And so when about to take part in the third crusade, King Richard decreed, "For the love of God, and the health of his own soul, and the souls of his ancestors and successors, kings of England.
"That all persons escaping alive from a wreck should retain their goods; that wreck or wreckage should only be considered the property of the king when neither an owner, nor the heirs of a late owner, could be found for it."
For several centuries all European nations had for the foundation of their maritime laws, a certain code, called the Code of Oleron.
There is the usual veil of historical uncertainty clouding the origin of these laws, for while some authorities declare that Richard I. had nothing to do with them, others declare that they were completed and promulgated by Richard, at the Isle of Oleron, as he was returning from one of his crusades, and that they had first and especial reference to the customs on the coasts of some of his continental domains.

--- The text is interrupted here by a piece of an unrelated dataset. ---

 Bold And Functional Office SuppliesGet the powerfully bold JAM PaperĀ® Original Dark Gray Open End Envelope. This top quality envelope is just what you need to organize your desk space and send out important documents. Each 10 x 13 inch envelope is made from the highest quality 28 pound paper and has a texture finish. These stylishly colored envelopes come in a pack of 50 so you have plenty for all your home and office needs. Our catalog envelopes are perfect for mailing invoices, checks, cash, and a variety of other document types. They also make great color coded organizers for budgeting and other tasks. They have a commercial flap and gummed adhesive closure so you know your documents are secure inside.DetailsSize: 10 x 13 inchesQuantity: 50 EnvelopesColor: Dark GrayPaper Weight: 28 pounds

The Laws of Oleron contain thirty-seven articles, and make very terrible statements as to the system of wrecking, which in those days disgraced the then civilized nations of the earth, while they show also, that if sinners were then prepared to sin with a high hand, that the authorities were prepared with no less energy to inflict punishment for crime.
Some of the extracts from these laws are as utter darkness compared with light, when you read them beside extracts from the Life-boat journals of the present day, suggesting as they do the customs of the people as regards wrecking, and the scant mercy that was shown to the shipwrecked.

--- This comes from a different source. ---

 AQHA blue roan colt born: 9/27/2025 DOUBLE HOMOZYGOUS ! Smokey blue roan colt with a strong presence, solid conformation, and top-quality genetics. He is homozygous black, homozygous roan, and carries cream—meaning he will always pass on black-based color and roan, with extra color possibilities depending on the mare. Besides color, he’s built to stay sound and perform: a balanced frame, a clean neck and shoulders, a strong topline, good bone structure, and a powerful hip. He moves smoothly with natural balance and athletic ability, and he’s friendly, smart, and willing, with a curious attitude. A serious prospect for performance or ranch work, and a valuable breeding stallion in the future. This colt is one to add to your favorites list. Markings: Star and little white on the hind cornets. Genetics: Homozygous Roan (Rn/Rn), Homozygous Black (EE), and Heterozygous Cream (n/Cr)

Consider, for instance, the picture as given in the following extracts from the old laws of Oleron:—
"An accursed custom prevailing in some parts, inasmuch as a third or fourth part of the wrecks that come ashore belong to the lord of the manor, where the wrecks take place, and that pilots for profit from these lords, and from the wrecks, like faithless and treacherous villains, do purposely run the ships under their care upon the rocks."

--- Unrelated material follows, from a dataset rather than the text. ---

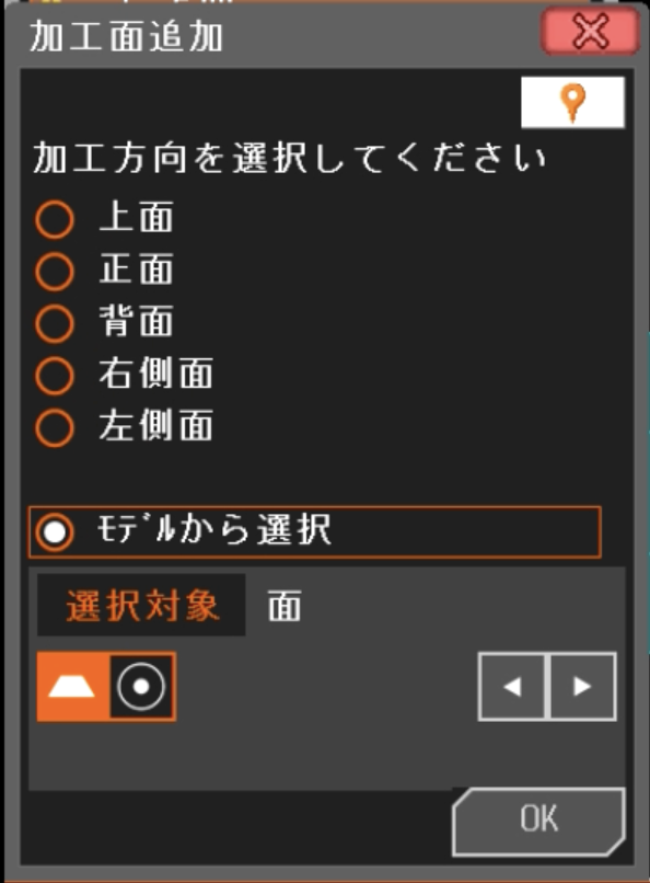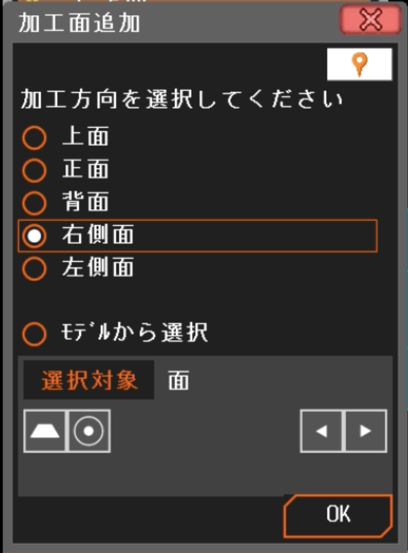 例えば「サイコロの”3″の目がある面」を加工したい場合、「追加」ボタンから「右側面」を選択します。

The Code declares, that the lords, and all who assist in plundering the wreck shall be accursed, excommunicated, and punished as robbers. "That all false pilots shall suffer a most rigorous and merciless death, and be hung on high gibbets."
"The wicked lords are to be tied to a post in the middle of their own houses, which shall be set on fire at all four corners, and burnt with all that shall be therein; the goods being first confiscated for the benefit of the persons injured; and the site of the houses shall be converted into places for the sale of hogs and swine."